▶ **TASK**:
Using the records below, write out again exactly the lines that begin at the line containing "12月12日上午,清华同方陕" and end at the line containing "Skoro jasno, zatím klidno, tlak 1020 hPa.", and no other lines.

▶ **DATA**:

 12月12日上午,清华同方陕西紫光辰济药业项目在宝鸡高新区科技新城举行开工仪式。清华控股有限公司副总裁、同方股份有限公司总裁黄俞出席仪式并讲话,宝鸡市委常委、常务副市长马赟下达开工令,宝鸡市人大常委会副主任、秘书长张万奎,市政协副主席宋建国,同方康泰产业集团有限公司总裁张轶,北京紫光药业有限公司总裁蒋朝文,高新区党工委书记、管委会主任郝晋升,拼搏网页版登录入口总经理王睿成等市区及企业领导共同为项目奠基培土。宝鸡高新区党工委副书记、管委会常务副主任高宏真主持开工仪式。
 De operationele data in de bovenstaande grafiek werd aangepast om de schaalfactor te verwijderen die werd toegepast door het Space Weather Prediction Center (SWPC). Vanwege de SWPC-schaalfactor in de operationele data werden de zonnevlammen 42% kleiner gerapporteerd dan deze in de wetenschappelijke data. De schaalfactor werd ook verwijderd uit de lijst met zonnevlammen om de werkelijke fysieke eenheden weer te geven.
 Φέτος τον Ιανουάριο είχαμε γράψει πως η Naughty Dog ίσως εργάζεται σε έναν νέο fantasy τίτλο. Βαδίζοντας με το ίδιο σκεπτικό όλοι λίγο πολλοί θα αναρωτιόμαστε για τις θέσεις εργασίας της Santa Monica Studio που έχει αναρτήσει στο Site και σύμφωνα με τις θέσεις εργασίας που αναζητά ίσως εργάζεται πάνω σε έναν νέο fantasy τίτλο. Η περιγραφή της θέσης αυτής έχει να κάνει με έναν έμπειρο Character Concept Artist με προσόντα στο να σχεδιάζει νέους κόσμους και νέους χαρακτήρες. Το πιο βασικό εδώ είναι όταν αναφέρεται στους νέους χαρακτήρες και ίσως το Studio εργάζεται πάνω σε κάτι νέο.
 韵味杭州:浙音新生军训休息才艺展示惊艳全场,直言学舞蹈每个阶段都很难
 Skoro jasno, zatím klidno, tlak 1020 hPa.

* * *

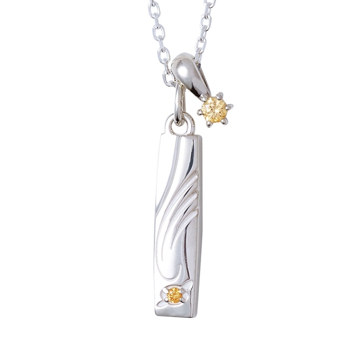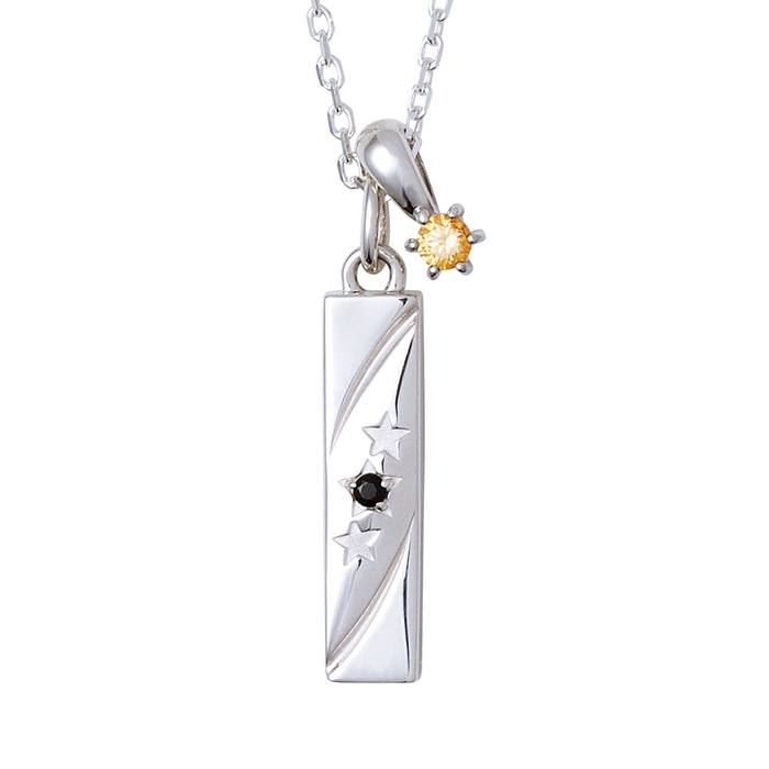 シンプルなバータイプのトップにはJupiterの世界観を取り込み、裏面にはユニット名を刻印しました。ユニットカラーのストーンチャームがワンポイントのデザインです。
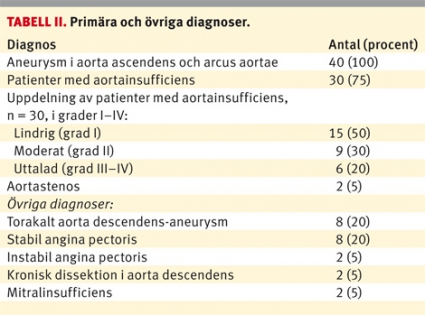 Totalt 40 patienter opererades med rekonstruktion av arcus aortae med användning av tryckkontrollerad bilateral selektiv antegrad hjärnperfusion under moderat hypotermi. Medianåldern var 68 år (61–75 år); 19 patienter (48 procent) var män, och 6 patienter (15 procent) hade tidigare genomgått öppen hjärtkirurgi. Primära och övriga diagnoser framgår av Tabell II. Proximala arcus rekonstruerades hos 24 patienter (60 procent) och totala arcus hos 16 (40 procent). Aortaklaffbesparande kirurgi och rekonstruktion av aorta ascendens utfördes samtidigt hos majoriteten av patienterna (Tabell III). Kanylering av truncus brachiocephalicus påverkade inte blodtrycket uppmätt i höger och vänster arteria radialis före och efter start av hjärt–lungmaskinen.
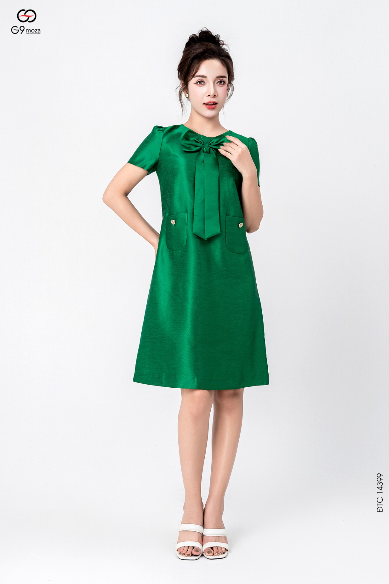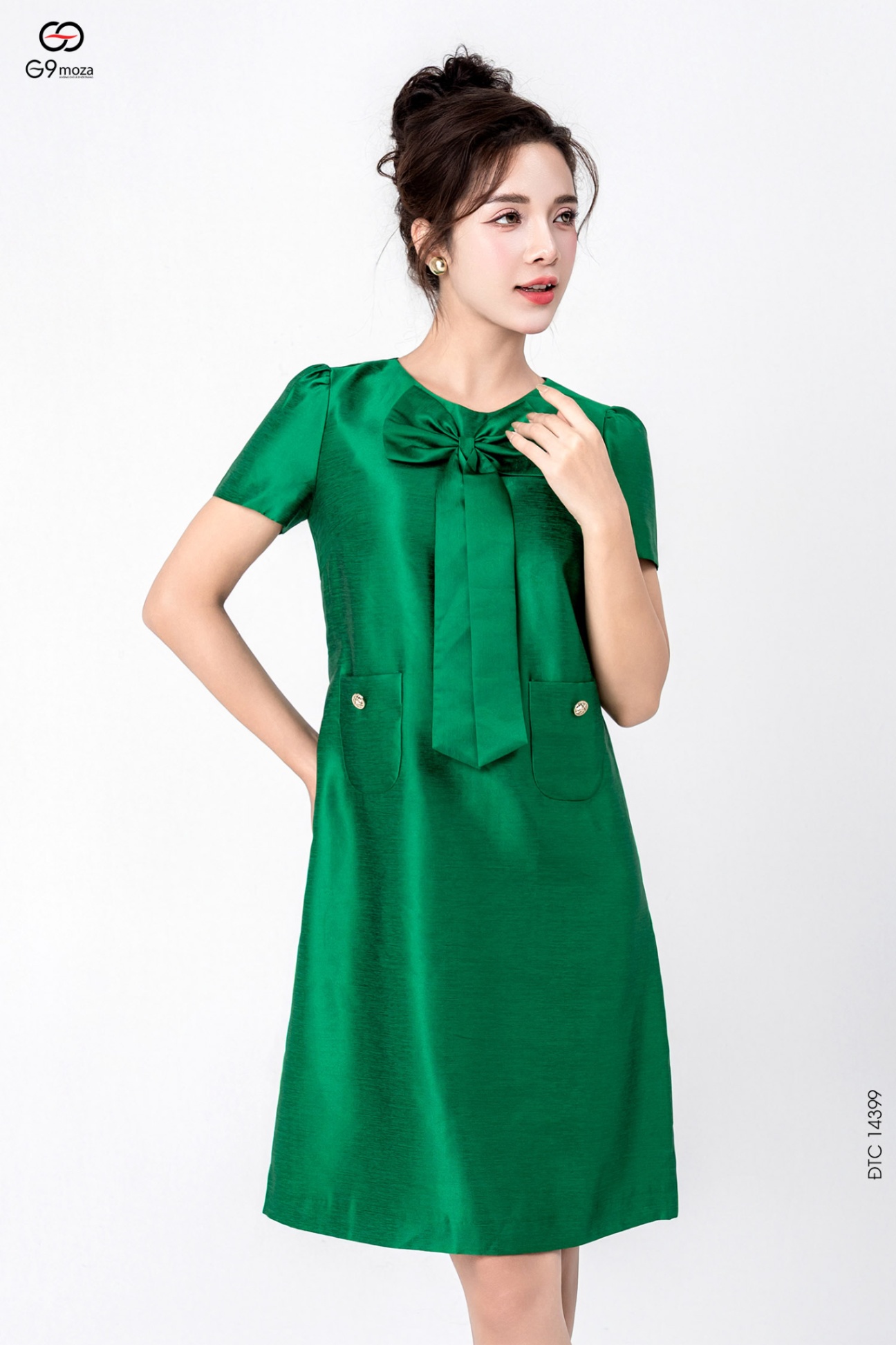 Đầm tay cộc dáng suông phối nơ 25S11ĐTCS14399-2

▶ **TASK RESULT**:
 12月12日上午,清华同方陕西紫光辰济药业项目在宝鸡高新区科技新城举行开工仪式。清华控股有限公司副总裁、同方股份有限公司总裁黄俞出席仪式并讲话,宝鸡市委常委、常务副市长马赟下达开工令,宝鸡市人大常委会副主任、秘书长张万奎,市政协副主席宋建国,同方康泰产业集团有限公司总裁张轶,北京紫光药业有限公司总裁蒋朝文,高新区党工委书记、管委会主任郝晋升,拼搏网页版登录入口总经理王睿成等市区及企业领导共同为项目奠基培土。宝鸡高新区党工委副书记、管委会常务副主任高宏真主持开工仪式。
 De operationele data in de bovenstaande grafiek werd aangepast om de schaalfactor te verwijderen die werd toegepast door het Space Weather Prediction Center (SWPC). Vanwege de SWPC-schaalfactor in de operationele data werden de zonnevlammen 42% kleiner gerapporteerd dan deze in de wetenschappelijke data. De schaalfactor werd ook verwijderd uit de lijst met zonnevlammen om de werkelijke fysieke eenheden weer te geven.
 Φέτος τον Ιανουάριο είχαμε γράψει πως η Naughty Dog ίσως εργάζεται σε έναν νέο fantasy τίτλο. Βαδίζοντας με το ίδιο σκεπτικό όλοι λίγο πολλοί θα αναρωτιόμαστε για τις θέσεις εργασίας της Santa Monica Studio που έχει αναρτήσει στο Site και σύμφωνα με τις θέσεις εργασίας που αναζητά ίσως εργάζεται πάνω σε έναν νέο fantasy τίτλο. Η περιγραφή της θέσης αυτής έχει να κάνει με έναν έμπειρο Character Concept Artist με προσόντα στο να σχεδιάζει νέους κόσμους και νέους χαρακτήρες. Το πιο βασικό εδώ είναι όταν αναφέρεται στους νέους χαρακτήρες και ίσως το Studio εργάζεται πάνω σε κάτι νέο.
 韵味杭州:浙音新生军训休息才艺展示惊艳全场,直言学舞蹈每个阶段都很难
 Skoro jasno, zatím klidno, tlak 1020 hPa.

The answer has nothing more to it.